• REQUIRED ACTION:
Copy out exactly the lines beginning with the one that contains "Selling a set" and ending at the last line of the listing, skipping any pictures.

• COLLECTED MATERIAL:
★ ★ ★ ★ ★ ★ ★

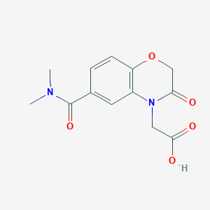 {6-[(Dimethylamino)carbonyl]-3-oxo-2,3-dihydro-4H-1,4-benzoxazin-4-yl}acetic acid, with the molecular formula C13H14N2O5 and a molecular weight of approximately 278.26 g/mol, is a complex organic compound belonging to the benzoxazine class. This compound has garnered attention for its potential therapeutic applications due to its diverse biological activities, particularly in medicinal chemistry.
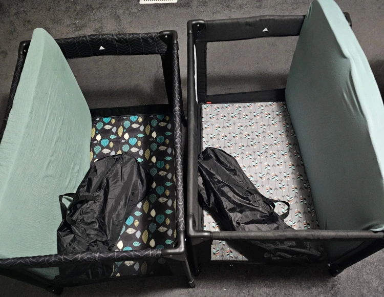 Selling a set of two Cosco playards. These are great for twins or for having a spare at grandma's house! They come with their travel bags and fitted sheets. plus playard organizer and mattresses, jst incase your baby doesn't like sleeping directly on it like mine did. $50 each.
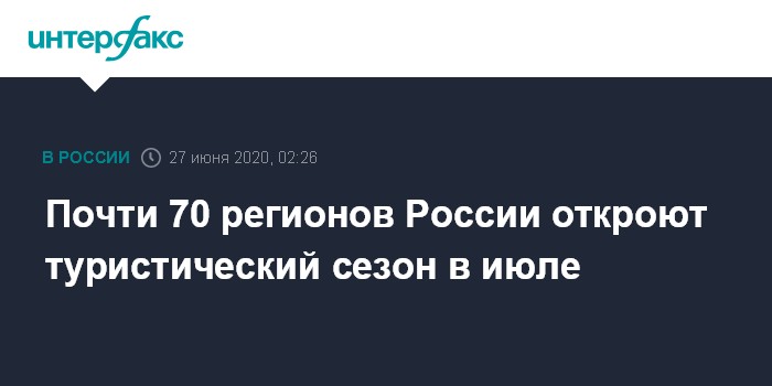 "По мере улучшения ситуации мы будем двигаться по пути смягчения ограничений для туризма. С 1 июля туризм запускается в 67 субъектах РФ и на протяжении первой недели июля ограничения продолжат сниматься. Мы исходим из того, что в первую неделю июля курортный сезон стартует в подавляющем большинстве регионов", - добавила Догузова.

★ ★ ★ ★ ★ ★ ★

• SOLUTION TO THE EXERCISE:
 Selling a set of two Cosco playards. These are great for twins or for having a spare at grandma's house! They come with their travel bags and fitted sheets. plus playard organizer and mattresses, jst incase your baby doesn't like sleeping directly on it like mine did. $50 each.
 "По мере улучшения ситуации мы будем двигаться по пути смягчения ограничений для туризма. С 1 июля туризм запускается в 67 субъектах РФ и на протяжении первой недели июля ограничения продолжат сниматься. Мы исходим из того, что в первую неделю июля курортный сезон стартует в подавляющем большинстве регионов", - добавила Догузова.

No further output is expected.